On 11/13/2013 09:51 PM, Gregory Farnum wrote:
How did you generate these scenarios? At first glance it looks to me
like you've got very low limits set on how many PGs an OSD can be
recovering at once, and in the first example they were all targeted to
that one OSD, while in the second they were distributed.
-Greg
Software Engineer #42 @ http://inktank.com | http://ceph.com

On Wed, Nov 13, 2013 at 3:00 AM, Andrey Korolyov <andrey@xxxxxxx> wrote:
Hello,

Using 5c65e1ee3932a021cfd900a74cdc1d43b9103f0f with
large amount of data commit and relatively low PG rate,
I`ve observed unexplainable long recovery times for PGs
even if the degraded object count is almost zero:

04:44:42.521896 mon.0 [INF] pgmap v24807947: 2048 pgs: 911 active+clean,
1131 active+recovery_wait, 6 active+recovering; 5389 GB data, 16455 GB
used, 87692 GB / 101 TB avail; 5839KB/s rd, 2986KB/s wr, 567op/s;
865/4162926 degraded (0.021%);  recovering 2 o/s, 9251KB/s

at this moment we have freshly restarted cluster and large amount of PGs
in recovery_wait state; after a couple of minutes picture changes a little:

2013-11-13 05:30:18.020093 mon.0 [INF] pgmap v24809483: 2048 pgs: 939
active+clean, 1105 active+recovery_wait, 4 active+recovering; 5394 GB
data, 16472 GB used, 87676 GB / 101 TB avail; 1627KB/s rd, 3866KB/s wr,
1499op/s; 2456/4167201 degraded (0.059%)

and after a couple of hours we`re reaching a peak by degraded objects,
PGs still moving to active+clean:

2013-11-13 10:05:36.245917 mon.0 [INF] pgmap v24816326: 2048 pgs: 1191
active+clean, 854 active+recovery_wait, 3 active+recovering; 5467 GB
data, 16690 GB used, 87457 GB / 101 TB avail; 16339KB/s rd, 18006KB/s
wr, 16025op/s; 23495/4223061 degraded (0.556%)

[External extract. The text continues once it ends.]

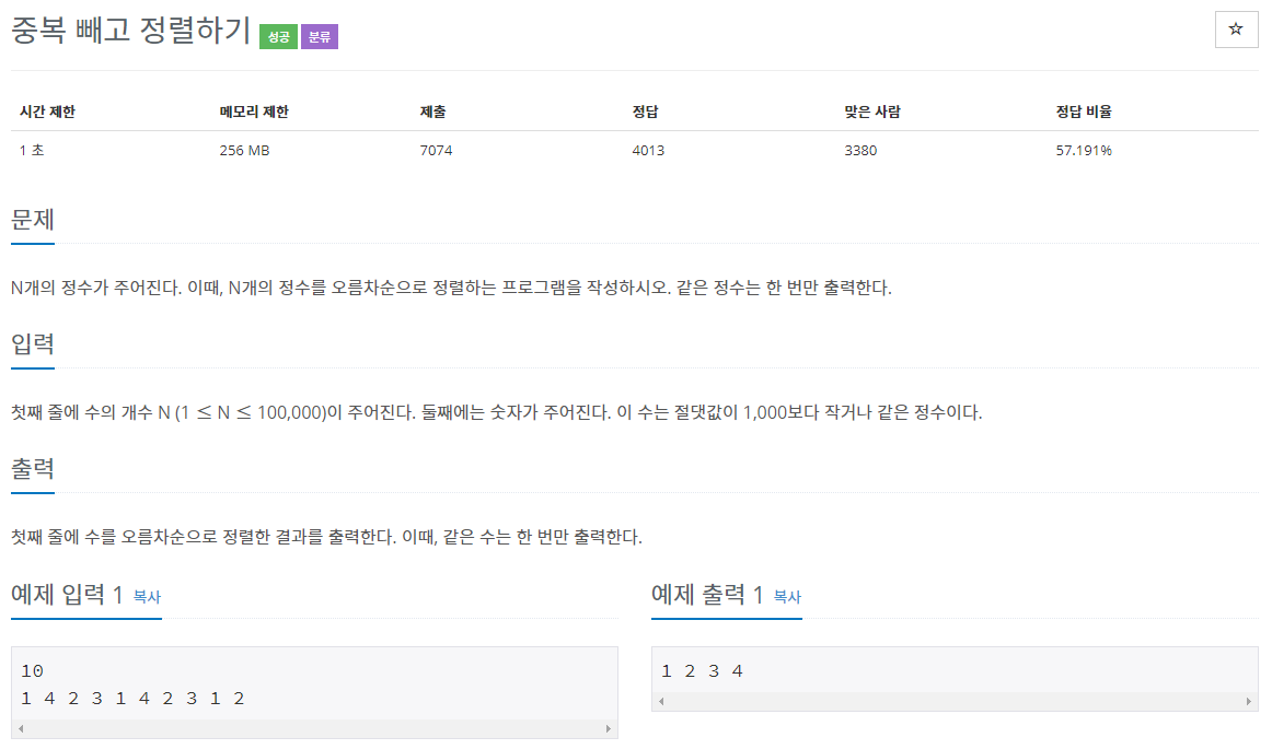카운팅정렬 기법을 활용하여 중복인지 아닌지 계산하지 않고 정렬하였습니다.
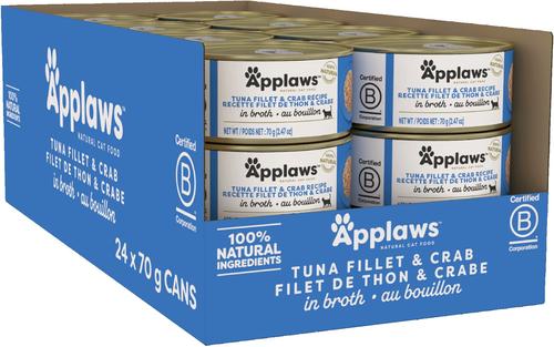 Tickle your kitty’s taste buds with Applaws Tuna Fillet with Crab in Broth Wet Cat Food. This meal topper makes a delightful addition to your feline friend’s complete and balanced diet. Crafted with simplicity and quality in mind, the natural recipe offers pure goodness without artificial additives. Real tuna is the number one ingredient. Then, a savory broth, wholesome rice, and crab are added to keep your kitty coming back for more. Whether served over your cat’s favorite kibble or alone as a snack, it provides a nourishing and satisfying experience for your beloved friend. Explore the diverse range of natural recipes from Applaws and make every meal an adventure.

After peak was passed, object count starts to decrease and seems cluster
will reach completely clean state in next ten hours.

For example, with PG count ten times higher recovery goes way faster:

2013-11-05 03:20:56.330767 mon.0 [INF] pgmap v24143721: 27648 pgs: 26171
active+clean, 1474 active+recovery_wait, 3 active+recovering; 7855 GB
data, 25609 GB used, 78538 GB / 101 TB avail; 3
298KB/s rd, 7746KB/s wr, 3581op/s; 183/6554634 degraded (0.003%)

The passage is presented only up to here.